For Beckham, ambition has always been a mindset. At the end of last year, she acquired £30 million in investment via private equity investors, a new chief executive (Paolo Riva, formerly at Diane von Furstenberg) and a new chairman, Ralph Toledano, who has an impressive fashion pedigree (CEO at Chloe, president of the Federation de la Haute Couture et de la Mode — Paris’s fashion governing body — and headed up the fashion division of cosmetics giant Puig).

“I always say dream big. There are a lot of things I wanted to do with the brand, more categories (childrens-wear, menswear and a full beauty line have been mooted), and really put my foot on the gas. I needed to bring people in to help me to do that, people who had done this before,” she adds.

Beckham acknowledges that the past decade has been a learning curve. “It’s been an incredible journey, even when things can be challenging. I’ve had to learn incredibly quickly. I’m the creative director and owner of this brand.” One thing that she has picked up is to “really trust my instincts, and I think that’s something that comes with age”. She credits the crucial role her team play in its success, and enthuses that she is “proud of being a woman in business” as well as “a mother and a wife. I’m proud of everything”.

Although she enlisted royal milliner Stephen Jones’s help with Harper’s latest Easter bonnet, she certainly does not shirk hard graft. She gets up “really early. Then I go to the gym for a couple of hours before the kids get up. Then I’m in the kitchen with David, getting them ready, finishing up any last bits of homework. We take it in turns to do the school run, then I’m in the studio five days a week.” She is insistent on “always being home for dinner” and to try as much as possible to “spend a lot of time with David and the children, being the best mum and best wife I can be”.

The crux of her offer has always been her own taste and style — her must-have for autumn is a leopard-print coat, recently worn in a shoot by her “favourite actress of all time” Cate Blanchett.

While she started with a more timid attitude to the clothes, she is now ramping up the VB-ness of it all or, as she says, “putting the Victoria back into Victoria Beckham”.

This is why she got back into the bag, which played on her wry sense of humour, a decade after she agreed to let Marc Jacobs spoof her for his own campaign a decade ago.
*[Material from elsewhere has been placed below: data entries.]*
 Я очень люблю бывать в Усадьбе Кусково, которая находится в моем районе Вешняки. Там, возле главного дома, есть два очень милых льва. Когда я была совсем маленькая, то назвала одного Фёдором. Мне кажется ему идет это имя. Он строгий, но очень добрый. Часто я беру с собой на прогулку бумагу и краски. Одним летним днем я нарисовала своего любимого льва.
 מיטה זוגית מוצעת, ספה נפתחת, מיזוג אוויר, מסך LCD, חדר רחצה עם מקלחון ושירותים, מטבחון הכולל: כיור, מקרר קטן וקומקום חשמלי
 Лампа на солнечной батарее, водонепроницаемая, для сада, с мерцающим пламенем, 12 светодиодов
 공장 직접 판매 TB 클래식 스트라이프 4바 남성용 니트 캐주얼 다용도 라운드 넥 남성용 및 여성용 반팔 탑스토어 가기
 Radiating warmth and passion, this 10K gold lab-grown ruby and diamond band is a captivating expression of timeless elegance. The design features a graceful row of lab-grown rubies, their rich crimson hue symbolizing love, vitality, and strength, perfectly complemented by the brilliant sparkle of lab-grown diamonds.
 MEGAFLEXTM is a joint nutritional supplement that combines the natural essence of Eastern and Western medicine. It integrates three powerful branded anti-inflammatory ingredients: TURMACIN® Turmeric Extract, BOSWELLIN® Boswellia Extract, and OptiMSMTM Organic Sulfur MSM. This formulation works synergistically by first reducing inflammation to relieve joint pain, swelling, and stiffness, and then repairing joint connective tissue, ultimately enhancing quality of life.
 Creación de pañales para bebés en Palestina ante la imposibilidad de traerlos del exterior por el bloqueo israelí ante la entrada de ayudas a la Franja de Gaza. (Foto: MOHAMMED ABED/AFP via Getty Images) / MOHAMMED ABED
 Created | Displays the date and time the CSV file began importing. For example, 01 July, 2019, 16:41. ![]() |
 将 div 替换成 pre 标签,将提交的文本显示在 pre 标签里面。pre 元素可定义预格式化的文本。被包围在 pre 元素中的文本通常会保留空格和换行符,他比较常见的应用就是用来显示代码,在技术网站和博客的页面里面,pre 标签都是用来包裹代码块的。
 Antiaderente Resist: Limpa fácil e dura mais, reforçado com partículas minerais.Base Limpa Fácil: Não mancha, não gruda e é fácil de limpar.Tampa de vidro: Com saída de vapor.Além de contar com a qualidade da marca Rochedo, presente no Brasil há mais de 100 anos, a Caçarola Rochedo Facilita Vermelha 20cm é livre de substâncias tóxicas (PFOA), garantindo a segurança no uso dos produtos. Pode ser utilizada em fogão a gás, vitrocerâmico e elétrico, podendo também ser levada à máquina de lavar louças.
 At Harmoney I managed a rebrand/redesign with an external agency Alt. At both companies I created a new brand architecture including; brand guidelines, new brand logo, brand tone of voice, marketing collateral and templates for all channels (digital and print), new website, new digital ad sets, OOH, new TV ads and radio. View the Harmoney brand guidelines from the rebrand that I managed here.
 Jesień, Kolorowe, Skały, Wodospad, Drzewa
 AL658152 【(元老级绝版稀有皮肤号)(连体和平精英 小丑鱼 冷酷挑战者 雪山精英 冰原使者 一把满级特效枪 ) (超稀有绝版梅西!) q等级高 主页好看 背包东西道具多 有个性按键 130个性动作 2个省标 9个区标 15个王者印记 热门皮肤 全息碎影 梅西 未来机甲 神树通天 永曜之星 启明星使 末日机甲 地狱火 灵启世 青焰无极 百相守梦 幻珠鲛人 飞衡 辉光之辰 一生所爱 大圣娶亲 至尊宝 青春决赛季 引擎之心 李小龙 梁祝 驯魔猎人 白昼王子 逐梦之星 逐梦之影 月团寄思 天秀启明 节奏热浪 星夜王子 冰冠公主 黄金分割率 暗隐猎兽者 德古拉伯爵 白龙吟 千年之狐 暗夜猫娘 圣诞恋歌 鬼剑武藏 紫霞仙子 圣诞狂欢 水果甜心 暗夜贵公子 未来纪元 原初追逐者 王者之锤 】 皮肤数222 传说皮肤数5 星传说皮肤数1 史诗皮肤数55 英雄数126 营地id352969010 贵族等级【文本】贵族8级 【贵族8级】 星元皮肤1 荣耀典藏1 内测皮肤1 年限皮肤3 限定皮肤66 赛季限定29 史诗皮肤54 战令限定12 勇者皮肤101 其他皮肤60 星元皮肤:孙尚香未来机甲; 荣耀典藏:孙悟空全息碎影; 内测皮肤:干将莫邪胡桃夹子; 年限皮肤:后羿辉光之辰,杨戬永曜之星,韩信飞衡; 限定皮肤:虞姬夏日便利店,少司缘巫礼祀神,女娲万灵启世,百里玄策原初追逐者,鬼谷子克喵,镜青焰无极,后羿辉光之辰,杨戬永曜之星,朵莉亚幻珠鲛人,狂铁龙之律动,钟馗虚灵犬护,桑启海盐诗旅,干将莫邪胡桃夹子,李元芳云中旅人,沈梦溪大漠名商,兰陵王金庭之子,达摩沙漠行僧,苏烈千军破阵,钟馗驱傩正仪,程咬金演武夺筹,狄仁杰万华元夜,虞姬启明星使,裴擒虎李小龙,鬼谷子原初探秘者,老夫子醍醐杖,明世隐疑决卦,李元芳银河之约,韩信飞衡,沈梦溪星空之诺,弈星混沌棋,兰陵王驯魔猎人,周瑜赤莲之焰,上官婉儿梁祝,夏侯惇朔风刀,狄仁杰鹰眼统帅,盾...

It made sense to her to go full circle yet, this time, she’s been photographed by the same photographer, Juergen Teller, in her own branded bag.

“Back then, when Marc put me in the bag, I didn’t understand the irony,” she remembers. “But I do now and so when it came to us sitting round having a bit of a brainstorm... is it a model in a dress, is it a model in a bag, is it a model in a pair of sunglasses? Surely, it’s me coming out of a Victoria Beckham bag. I’ve put all of me into this brand.”

Beckham has also, for a one season spectacle, moved her fashion show from New York to London Fashion Week. The campaign will also be projected from Piccadilly Circus — something she is thrilled about because “when I was a kid, my parents would drive us up to London and show us Big Ben and Buckingham Palace, and would always drive around Piccadilly Circus. I remember looking up, thinking ‘Wow, how cool would that be, to literally see your name in lights’.”

And that makes you remember that this is the girl who has really wanted all of this for a long time. She might have once said she wanted to be as famous as Daz Automatic, but she’s long since eclipsed the doorstep challenge.